What’s more, far from displaying any worry about the U.S. withdrawing these benefits, Iran’s leaders also seem to think now is a good time to rub the Americans’ faces in their disgrace. Rouhani’s foreign minister, Mohamad Javid Zarif, who was shaking hands with Kerry in Geneva in November, yesterday took time out to lay a wreath at the grave of the man who planned the terrorist attack on the U.S. Marine barracks in Beirut in 1983 as well as other crimes against Americans. As Tower.org reported, Zarif paid homage to Hezbollah’s Imad Mughniyeh in Lebanon yesterday, making clear that the new moderate government maintains the same policy priorities as the hardliners.

Of course, the revelation that the secret diplomatic back-channel talks that led to the November deal began before Rouhani’s election last summer gave the lie to the notion that the renewed talks were the result of changes on Iran’s part rather than Obama’s decision to give Tehran what it wanted. But as Elliott Abrams noted today at Pressure Points, the juxtaposition between the administration’s weakness and Iran’s chutzpah bodes ill for the next round of nuclear talks.
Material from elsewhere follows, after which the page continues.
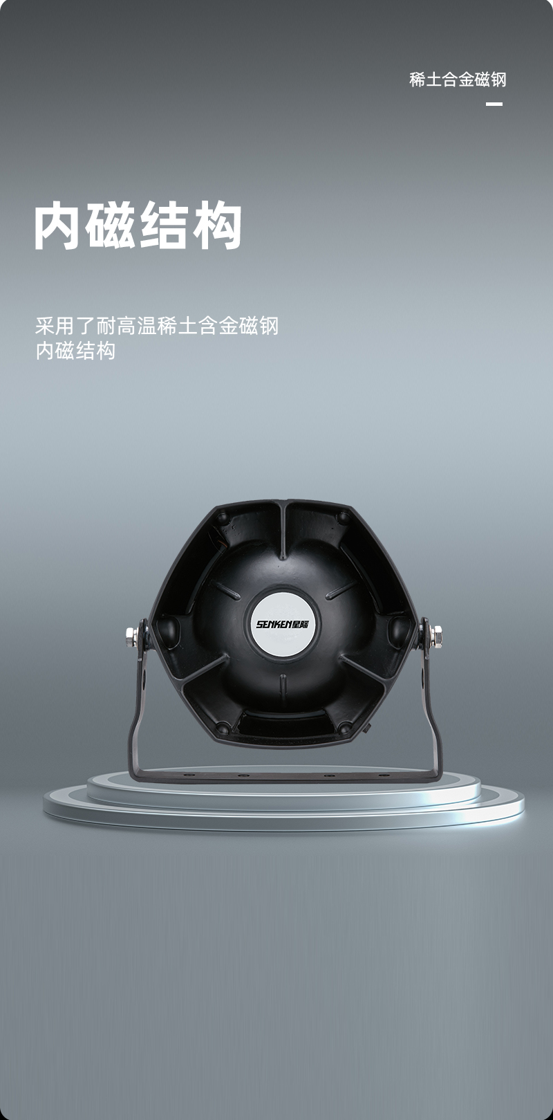 YD-100M扬声器是本公司专为电子警报器、报警器装置而设计,采用了耐高温稀土含金磁钢,内磁结构,具有外观新颖、音质清晰,防水,耐腐蚀、密封性好等特点,产品采用了国际先进的技术工艺,各项电声参数均达到国内同类产品领先水平,被广泛应用于特种车辆及固定场所作警报配套使用。
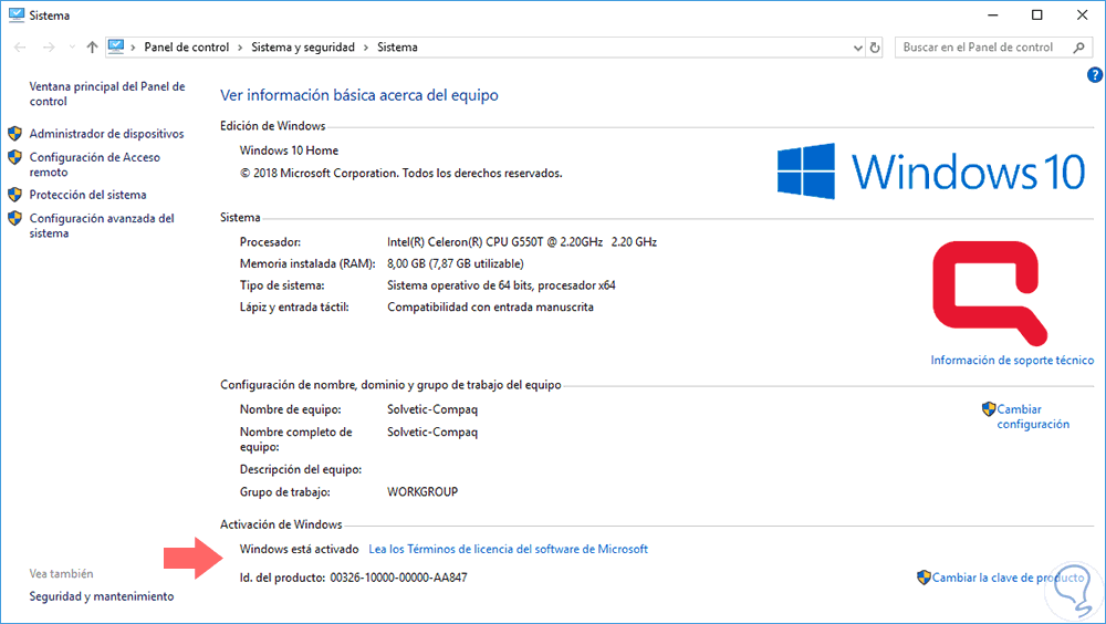 1. Saber si Windows 10 está activado desde Propiedades de Equipo

The Iranians have always acted as if they thought Obama was a weakling, but their brazen behavior this week demonstrates again that they think there is nothing they can do or say that could possibly provoke a reaction from Washington. While the president pulls out all the stops to prevent even the threat of future sanctions—the proposal being considered by the Senate would not go into effect until after the next round of talks fails—the Iranians are showing they will agree to nothing that will thwart their nuclear ambitions and think Obama won’t lift a finger to stop them.

Rather than bolstering the president’s effort to stop the sanctions bill, Rouhani’s tweet, Zarif’s photo op, and the general applause for the deal being sounded by Iran’s theocrats should convince the Senate to pass the sanctions bill. While Iran is unlikely to halt its  nuclear program under any circumstances, any slim hope of diplomatic success rests on a credible threat of U.S. pressure on the regime. Far from sparking conflict, the sanctions bill may be the only hope Washington has of influencing the Iranians to turn back before it’s too late.